According to the Chronicle of Higher Education, the president of Penn State's total compensation for 2018 was $1.83 million, including a $1 million bonus.

Penn State University's president Eric J. Barron
Penn State University's president Eric J. BarronRead moreMICHAEL S. WIRTZ / Staff Photographer

Pennsylvania State University president Eric J. Barron was the third-highest-paid president among leaders of public doctoral universities in the country in 2018, according to an annual report in the Chronicle of Higher Education.

The main reason?

Barron, 67, got a $1 million bonus that year -- an $800,000 “completion payment” for remaining on the job four years, and an annual $200,000 retention bonus.

Barron’s total compensation for the year was $1.83 million, behind William H. McRaven, president of the University of Texas, who received nearly $2.6 million, and Michael K. Young, president of Texas A&M University at College Station, who got nearly $1.9 million.

Three other area college presidents, according to the Chronicle list, were in the top 50: Temple University’s Richard M. Englert, $875,616 (including a $50,000 bonus); Robert Barchi, president of Rutgers University, $870,644 (no bonus listed); and Ali Houshmand, president of Rowan University, $753,141 (including a $84,150 bonus).

Barron’s completion payment was negotiated as part of his original contract, the university said.
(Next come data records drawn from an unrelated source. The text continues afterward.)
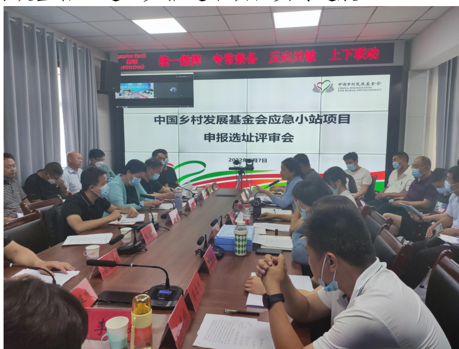
汝阳县应急小站项目选址评审会

设需求，并完成鹤壁市浚县、淇县、洛阳市汝阳县、孟津区4县协议签署，进一步推进了项目实时进展。
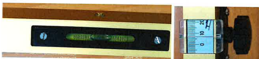
Slika 2. Uredaj za ispitivanje nadvišenja kolosijeka
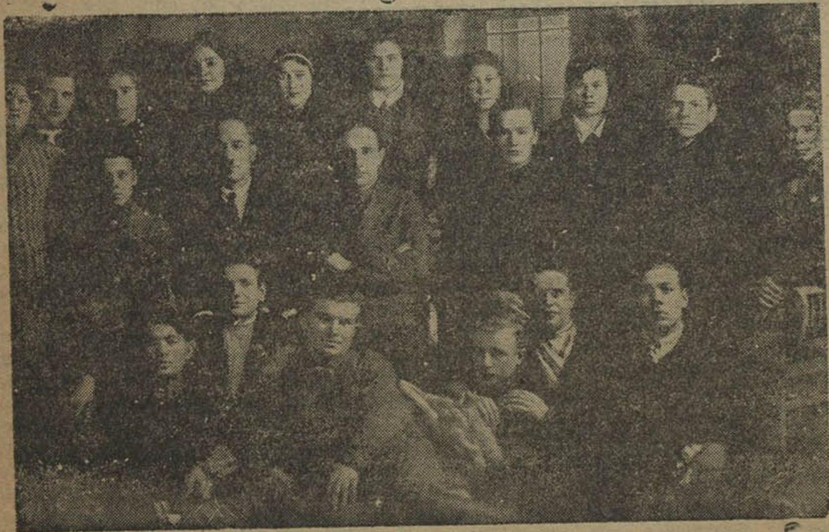
Трэці выпуск 2-х месячных курсаў кніжных работнікаў спажкаапэрацыі.

3. На працягу 3-х месячніка значна ўзмацнілася кіраўніцтва кніжнымі полкамі сельСТ і кнігарнямі ніжэй раённага цэнтру. Аб'езд, інструктаваньне кніжных
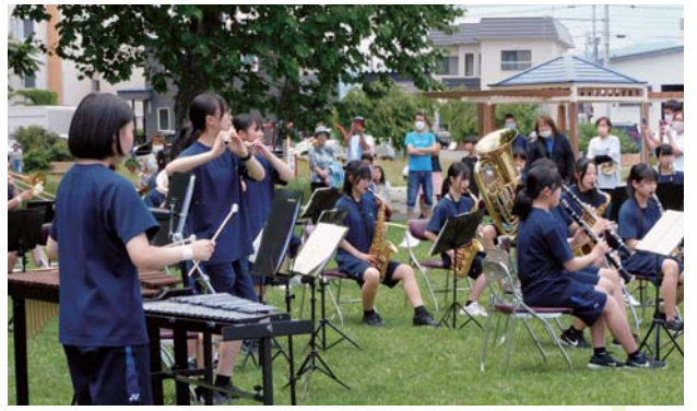
7月2日の南町内会の運動会(舞鶴公園)で参加者に演奏を披露
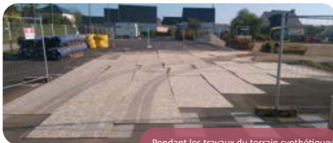
Pendant les travaux du terrain synthétique
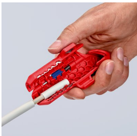
удаление оболочки с провода NYM
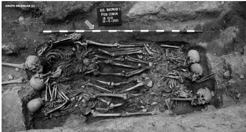
Figura 3. Fossa comuna amb diversos cossos en estudi a Albalat dels Tarongers, València

Rubial, 2010, pàg. 16). Les traves que els governs autonòmics, tant d'un signe polític com d'altre, posen a l'Arqueologia retirant-la dels canals oficials de subvenció en aquest tipus d'intervenció, no és sinó una extensió més d'aquesta violència ideològica característica del nostre ordre social actual, que nega l'existència d'una violència real durant el règim franquista en contra d'un grup per qüestions socials, polítiques i ideològiques. No es tracta d'un consens del perdó, sinó de la manca de coratge per enfrontar de nou dues concepcions d'estat contraposades i antagòniques. És la tasca de l'Arqueologia ser present en aquest debat, fornir d'explicacions i proves la memòria col·lectiva desapareguda i aquella que ha estat escrita amb una clara vocació propagandística per un règim antidemocràtic, i deixar que la societat prengui les seves pròpies decisions
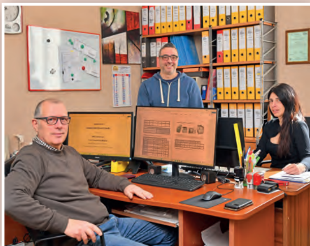
Lo Staff dello Studio.
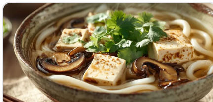
Soupe de nouilles udon au tofu soyeux
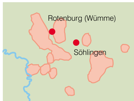
Erdgasfelder im Raum Rotenburg (Wümme)

ExxonMobil fördert Erdgas in diesem Bereich aus ca. 35 Bohrungen. Diese sind mit technisch anspruchsvollen Rohrsystemen ausgerüstet, um das Erdgas an die Erdoberfläche zu befördern. Den Bohrlochabschluss bildet das mit hydraulischen Absperrschiebern versehene Eruptionskreuz.
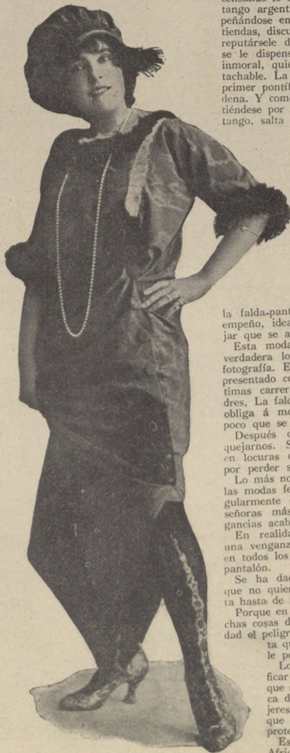
Una señorita con falda de moda, tal como se ha visto en las carreras de caballos en Londres

Tras aquellas ráfagas de sano espiritualismo, volvió París á caer en el aletargamiento de los bailes indígenas y de los machaqueantes y conocidísimos garrotines andaluces cuyo esplendor pasara con la Otero y otras artistas pasionales y febricitantes. El arte retrocedía empujado por las sacudidas tenaces y persistentes del medio ambiente, en descomposición moral. No se dibujaba una esperanza de renovamiento, hasta que de improviso saltó á los tablados é hizo irrupción en los salones de la aristocracia una extraña danza incubada en las apartadas pampas americanas, un nuevo baile que se decía importado por los fieros gauchos argentinos, de costumbres milenarias como las selvas vírgenes de sus montes, no hollados por el hombre moderno. Lo que no lograra Isidora Duncan, mantener y aclimatar el ancestralismo ruso en una de sus manifestaciones más augustamente hermosas, lógralo bien pronto el espíritu indomable de los indios vegetando lejos del mundanal ruido, los que hacen que París entero se revolucione y sacuda su frivolidad para adoptar entusiasmado y fervoroso el baile raro que le entraba puertas adentro. La ciudad se considera vencida y ríndese ceremoniosamente á su exquisita grandeza. A los primeros momentos de incertidumbre y de frío análisis, sucede la fecunda explosión del entusiasmo sin limitacio-
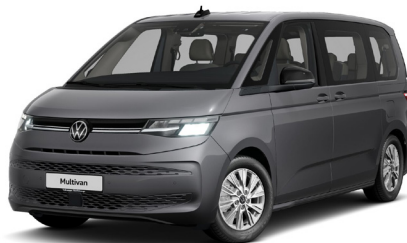
Indium Gray Metallic
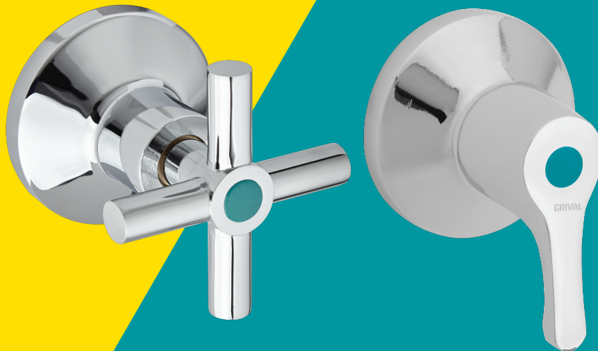
PASO DE BOLA CRUCETA

If he remained on the job five years, he was due to collect $1 million. Last May, the university approved a three-year contract extension for Barron, running through 2022, and as part of that extension agreed to pay Barron $800,000 of the completion payment for the four years served.

Under the contract extension, Barron will get another $800,000 if he remains through the 2022 pact.

Mark Dambly, president of Penn State’s board of trustees, cited a string of accomplishments achieved under Barron, who took the helm in 2014 as the university was still recovering from the Jerry Sandusky child sex-abuse scandal that broke in 2011.

“Dr. Barron is an exceptional leader and has a consistent track record of success, moving the university ahead on numerous and critical key initiatives and execution of the strategic plan,” Dambly said in a statement.

He also cited Barron’s focus on economic development, fund-raising, and making college accessible to and affordable for more students. The university has frozen tuition statewide for in-state students twice in the last five years. The school also is in a $1.6 billion fund-raising campaign due to be completed in 2021. With 60 percent of the campaign completed, the university has reached 68 percent of the goal, Dambly said.

Formerly the president of Florida State University, Barron, a climatologist, arrived at Penn State less than three years after Sandusky, a former assistant football coach, was charged with abusing young boys, and several of the university’s top leaders were ousted. He was not new to the university and had worked there years before as a geosciences professor and dean of the College of Earth and Mineral Sciences.

Barron has had to manage the university while members of its board of trustees have remained deeply divided over the university’s handling of the Sandusky case.

He cracked down on Greek life at the university after the death of sophomore pledge Tim Piazza in 2017 following a booze-fueled fraternity party. Last year, he co-led a national meeting of university officials on ways to improve fraternity and sorority life.

In May, he announced plans he is passionate about: a $71 million art museum, the first phase of a vision to create a cultural district at the university. An art fan who recently began oil painting again, Barron has with his wife donated $100,000 to the project.

While Barron ranked third in overall compensation in the Chronicle survey, his base salary — $834,364 — trailed nine other presidents. Overall compensation, according to the Chronicle, includes “base pay, bonuses, deferred compensation (paid out), severance, remaining reportable pay, nontaxable benefits, and non-payroll compensation.”

The Chronicle compiles and publishes the salaries of public university presidents every year. The publication also publishes information about the compensation of private college presidents separately.